*** Collected data Section Begins ***

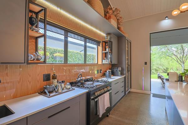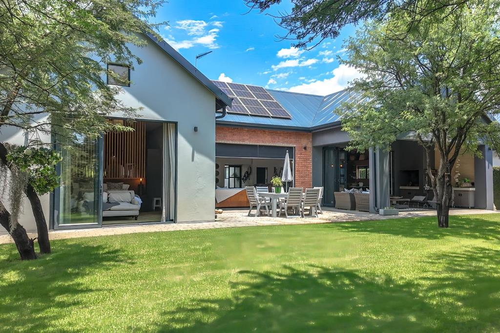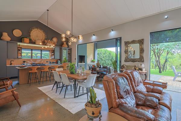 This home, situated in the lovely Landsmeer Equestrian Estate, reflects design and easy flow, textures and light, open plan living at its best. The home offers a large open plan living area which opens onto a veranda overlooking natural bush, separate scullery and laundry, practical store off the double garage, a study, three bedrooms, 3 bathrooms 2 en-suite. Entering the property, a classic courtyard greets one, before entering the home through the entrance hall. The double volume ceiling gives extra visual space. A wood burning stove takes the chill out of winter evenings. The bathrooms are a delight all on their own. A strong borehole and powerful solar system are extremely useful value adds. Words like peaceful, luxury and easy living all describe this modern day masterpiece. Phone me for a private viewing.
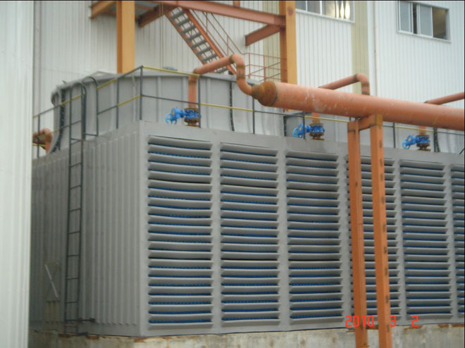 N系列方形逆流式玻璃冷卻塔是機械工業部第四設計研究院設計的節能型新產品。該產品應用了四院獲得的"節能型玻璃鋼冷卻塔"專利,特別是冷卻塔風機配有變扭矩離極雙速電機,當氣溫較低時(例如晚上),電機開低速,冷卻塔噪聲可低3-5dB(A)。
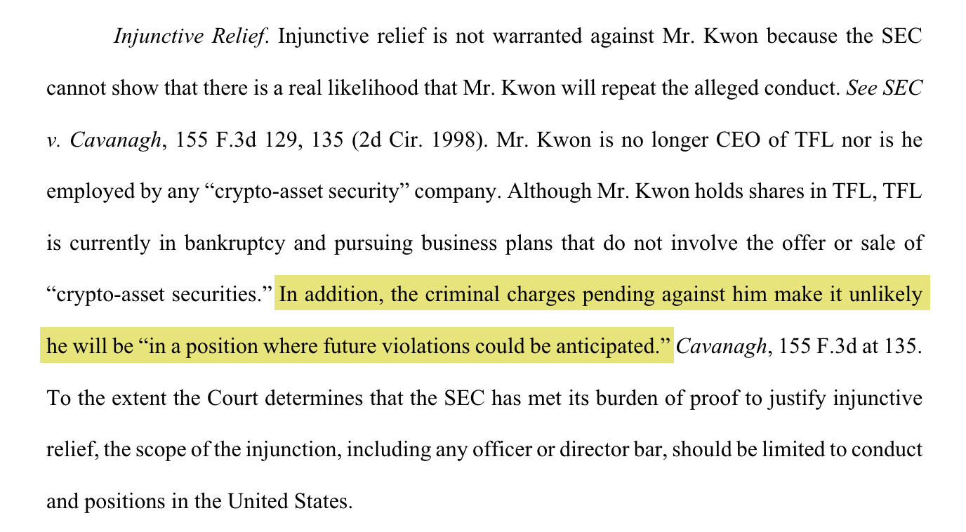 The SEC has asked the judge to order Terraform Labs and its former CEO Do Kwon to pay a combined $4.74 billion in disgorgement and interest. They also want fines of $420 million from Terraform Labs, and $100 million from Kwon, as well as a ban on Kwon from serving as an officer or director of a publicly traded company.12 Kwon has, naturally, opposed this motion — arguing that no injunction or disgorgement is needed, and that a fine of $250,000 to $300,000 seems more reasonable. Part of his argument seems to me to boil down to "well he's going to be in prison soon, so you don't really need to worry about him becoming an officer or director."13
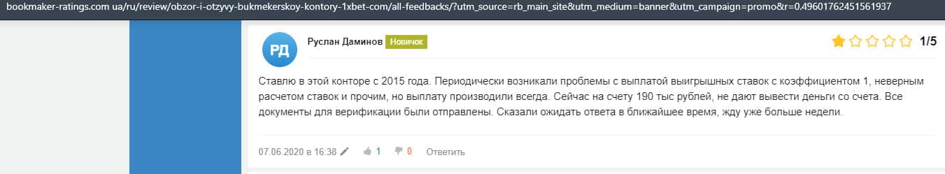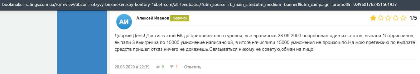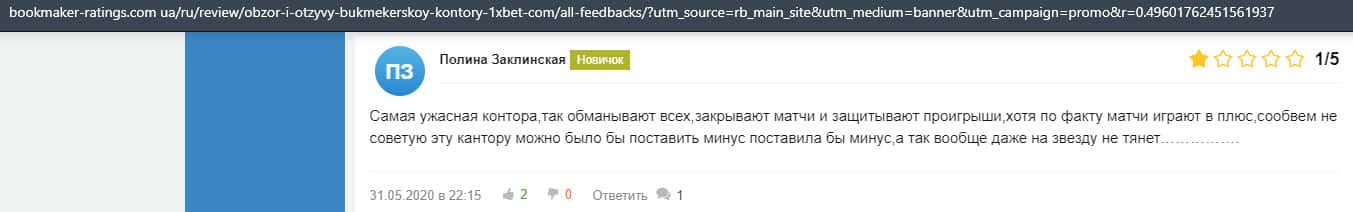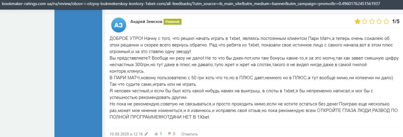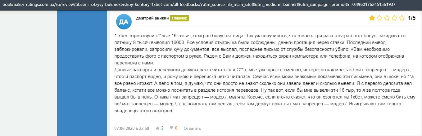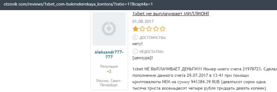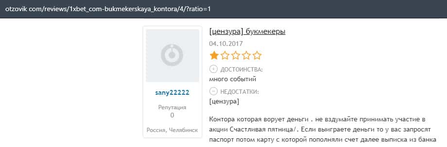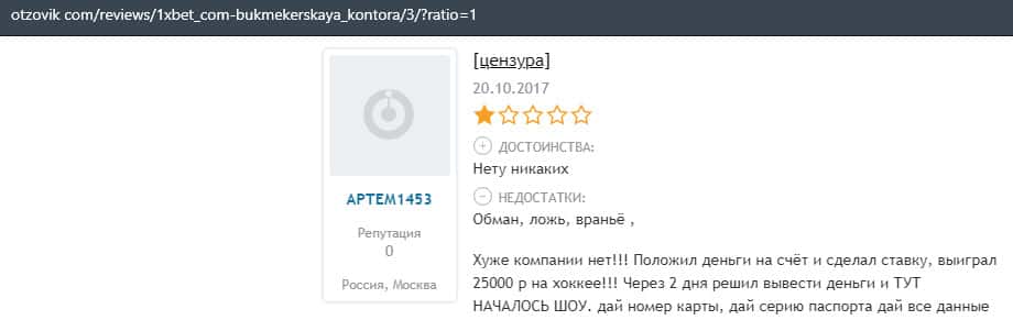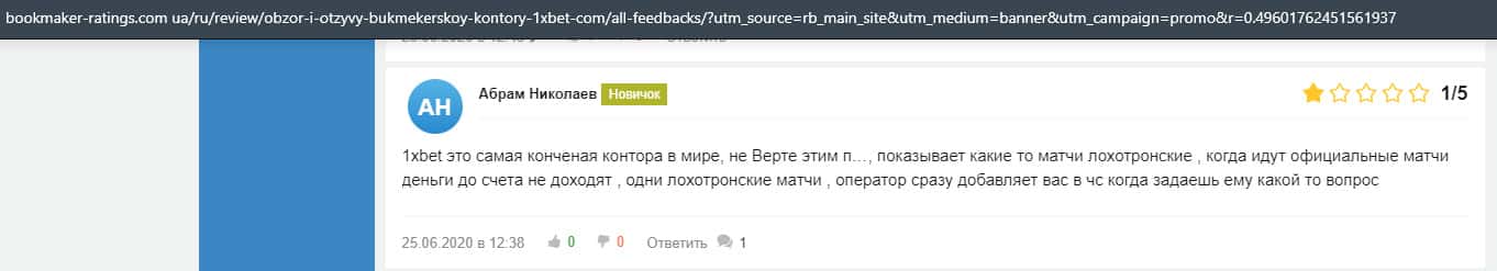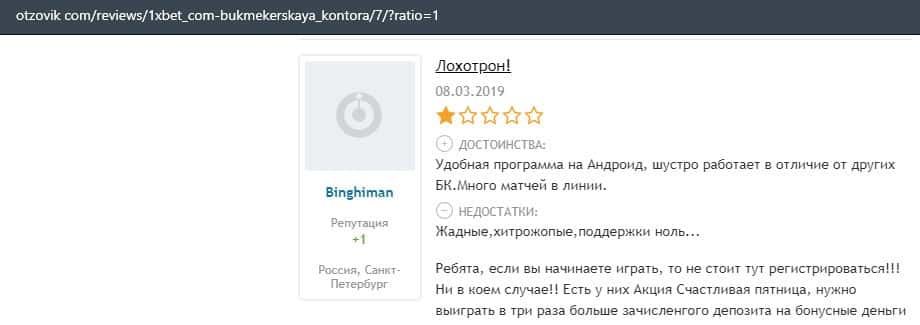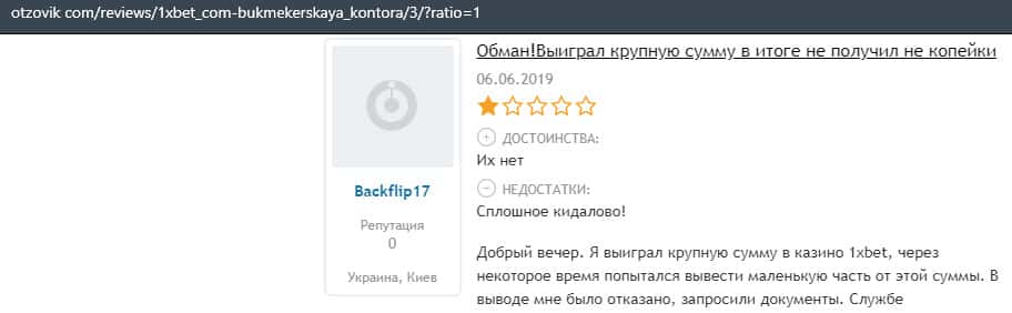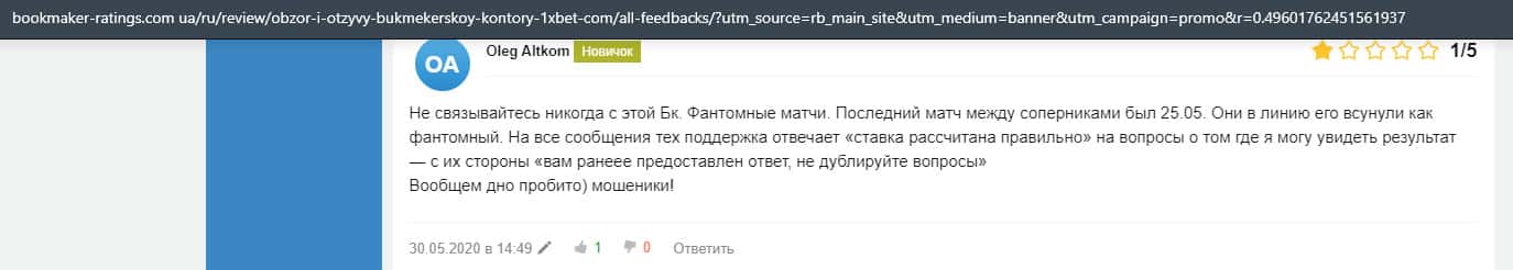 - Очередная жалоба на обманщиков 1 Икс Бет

*** Collected data Section Ends ***

**What to produce**
Give again, exactly, the lines from the start of the data through the one holding "N系列方形逆流式玻璃冷卻塔是"; omit the pictures.

**Answer to the problem**
 This home, situated in the lovely Landsmeer Equestrian Estate, reflects design and easy flow, textures and light, open plan living at its best. The home offers a large open plan living area which opens onto a veranda overlooking natural bush, separate scullery and laundry, practical store off the double garage, a study, three bedrooms, 3 bathrooms 2 en-suite. Entering the property, a classic courtyard greets one, before entering the home through the entrance hall. The double volume ceiling gives extra visual space. A wood burning stove takes the chill out of winter evenings. The bathrooms are a delight all on their own. A strong borehole and powerful solar system are extremely useful value adds. Words like peaceful, luxury and easy living all describe this modern day masterpiece. Phone me for a private viewing.
 N系列方形逆流式玻璃冷卻塔是機械工業部第四設計研究院設計的節能型新產品。該產品應用了四院獲得的"節能型玻璃鋼冷卻塔"專利,特別是冷卻塔風機配有變扭矩離極雙速電機,當氣溫較低時(例如晚上),電機開低速,冷卻塔噪聲可低3-5dB(A)。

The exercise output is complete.